Citation: Dasariraju, S., & Urbanowicz, R. J. (2021). RARE: Evolutionary feature engineering for rare-variant bin discovery. Proceedings of the Genetic and Evolutionary Computation Conference Companion, 1335–1343. https://doi.org/10.1145/3449726.3463174

RARE: Relevant Association Rare-variant-bin Evolver (under development) is an evolutionary algorithm approach to binning rare variants as a rare variant association analysis tool. Please email [email protected] and [email protected] for any inquiries related to RARE.
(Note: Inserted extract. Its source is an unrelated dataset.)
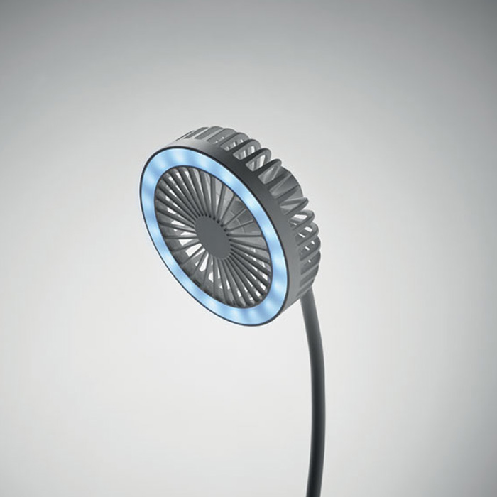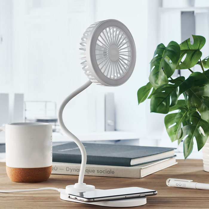 An ABS desktop fan with 3-speed settings, a 10w quick wireless charger, and LED lights functionality (80 lumens). Output: DC 9V/1.1A (10W) for fast charging. Compatible with the latest Androids, iPhone® 8 and newer.

RARE is an evolutionary algorithm that constructs bins of rare variant features with relevant association to class (univariate and/or multivariate interactions) through the following steps:

  1. Random bin initializaiton or expert knowledge input
  2. Repeated evolutionary cycles consisting of:
    • Candidate bin evaluation with univariate scoring (chi-square test) or Relief-based scoring (MultiSURF algorithm); note: new scoring options currently under testing
    • Genetic operations (parent selection, crossover, and mutation) to generate the next generation of candidate bins
  3. Final bin evaluation and summary of top bins

In the GECCO '21 folder, please see the RARE_Methods.py file for code definition of the RARE function and its subfunctions. The RAREConstantBinSizeFunctionsDefinition.py file contains code for a modified version of RARE that preserves a constant bin size through initilaization and evolutionary cycles (these files also contain code defining the RVDS functions for the data simulators used to test RARE)

Parameters for RARE:

  1. given_starting_point: whether or not expert knowledge is being inputted (True or False)
  2. amino_acid_start_point: if RARE is starting with expert knowledge, input the list of features here; otherwise None
  3. amino_acid_bins_start_point: if RARE is starting with expert knowledge, input the list of bins of features here; otherwise None
  4. iterations: the number of evolutionary cycles RARE will run
  5. original_feature_matrix: the dataset
  6. label_name: label for the class/endpoint column in the dataset (e.g., 'Class')
  7. rare_variant_MAF_cutoff: the minor allele frequency cutoff separating common features from rare variant features
  8. set_number_of_bins: the population size of candidate bins
  9. min_features_per_group: the minimum number of features in a bin
  10. max_number_of_groups_with_feature: the maximum number of bins containing a feature
  11. scoring_method: 'Univariate', 'Relief', or 'Relief only on bin and common features'
  12. score_based_on_sample: if Relief scoring is used, whether or not bin evaluation is done based on a sample of instances rather than the whole dataset
  13. score_with_common_variables: if Relief scoring is used, whether or not common features should be used as context for evaluating rare variant bins
  14. instance_sample_size: if bin evaluation is done based on a sample of instances, input the sample size here
  15. crossover_probability: the probability of each feature in an offspring bin to crossover to the paired offspring bin (recommendation: 0.5 to 0.8)
  16. mutation_probability: the probability of each feature in a bin to be deleted (a proportionate probability is automatically applied on each feature outside the bin to be added (recommendation: 0.05 to 0.5 depending on situation and number of iterations run)
  17. elitism_parameter: the proportion of elite bins in the current generation to be preserved for the next evolutionary cycle (recommendation: 0.2 to 0.8 depending on conservativeness of approach and number of iterations run)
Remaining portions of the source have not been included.